活動会員のレポート

アナログ人間の「オンライン講義」挑戦記

  公平 こうだいら 伸夫 のぶお (元 三菱商事)


講義風景

 私は、サラリーマン生活を終えた2011年から、ABICの紹介で専門学校や貿易関係団体で貿易実務講師の活動を行ってきた。私が実施してきた講義は全て教室型の対面方式であったが、コロナ感染の拡大により、この2年間ですっかり様相が変わってしまった。受講者を一堂に集めて行う対面方式の講義は「3密」のリスクが高いため、非対面のオンラインによるものに一挙に切り替わってしまったのだ。団塊の世代である私にとっては、授業は黒板に向い壇上に立つ先生から直接受けるものであり、教える立場としても最も効果が高いものであるとの強い認識があった。従って、この10年間も黒板に文字や図をたくさん書いて、受講生にノートを取らせることが私自身の指導のスタイルとして定着していた。
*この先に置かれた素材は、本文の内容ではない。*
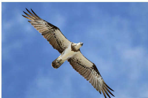
A huge osprey soars over our Preserve
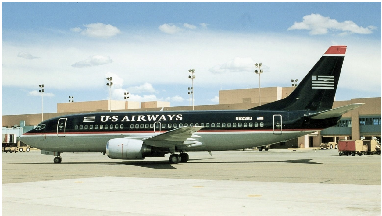
U-S Airways Boeing 737-300 at the Albuquerque Sunport reflecting the name change and a new livery in 1997.

それがある日突然のように、パソコンの画面を通して講義をすることが求められてしまったのである。パワーポイントの作り方も分からず、パソコン操作もあやふやなアナログ人間の私にとっては、いよいよ「年貢の納め時がきたか」とつくづく感じ、再就職支援講座としてとりわけ思い入れの強かった専門学校の講師については、潔く辞する決意をした。
 そのような中、2021年春、ABICが長年にわたり受託している横浜貿易協会の貿易講座についても、案の定、先方からオンラインを前提としたパワーポイントによる講義への切り替えのリクエストが来てしまった。辞退すべきかどうか思い悩んでいたところ、旧知の貿易実務講師の方からITに詳しいTさんを紹介していただく幸運に恵まれた。九死に一生を得たような気持ちで、原稿作りに無我夢中で取り組んだ。私の殴り書きのような原稿を、Tさんはまるで魔法使いのように物の見事に、美しく分かりやすい画面に仕上げてくれた。そして、私自身も本番では肩がガチガチになるような思いの中で不慣れなパソコン操作に臨み、結果として無事に初体験を終えることができたのである。子供のころ、初めて水の中で泳げた時のような、ワクワクしたうれしい気持ちになり、「何とかやれるぞ」との思いで次に向けての挑戦の期待が大きく膨らんだ。
 秋口になってチャンスが訪れた。ABIC経由で、株式会社日本貿易保険(NEXI)の社内研修講師のお話を頂いたのだ。NEXIといえば、貿易業界では誰もが認知している日本政府100%出資の貿易保険会社であり、2017年に独立行政法人から株式会社に移行している。社員の方は、皆さん貿易に関してはそれこそプロであり、私にとっては緊張や躊躇ちゅうちょも多少あったが、せっかくのチャンスでもあり思い切って取り組むことにした。事前打ち合わせで訪問した際、先方より、貿易実務の内容よりも商社における債権管理対策やトラブルの事例などを中心に話してほしいとの要請をいただいた。そこで、今回もTさんにご協力を願い、受講される方が興味と関心を持っていただけるように、いろいろ工夫し画面作りに取り組んだ。90分の持ち時間であったが、80枚近い画像を作成しオンラインによる講義に臨んだ。Teamsという聞きなれないシステムではあったが、水道橋にある東京本社と大阪支店の50余人の方が、画面の向こうで聴講してくださった。講義終了後には、音声を通しての質問もいただき、受講された方との一体感も得られ、満足した気持ちで終えることができた。一時は、コロナとともに隠居老人となることも覚悟していたが、強力な助っ人の出現の下ABICを通じ二つのオンライン講義を経験でき、新たな挑戦への世界が広がりうれしい限りである。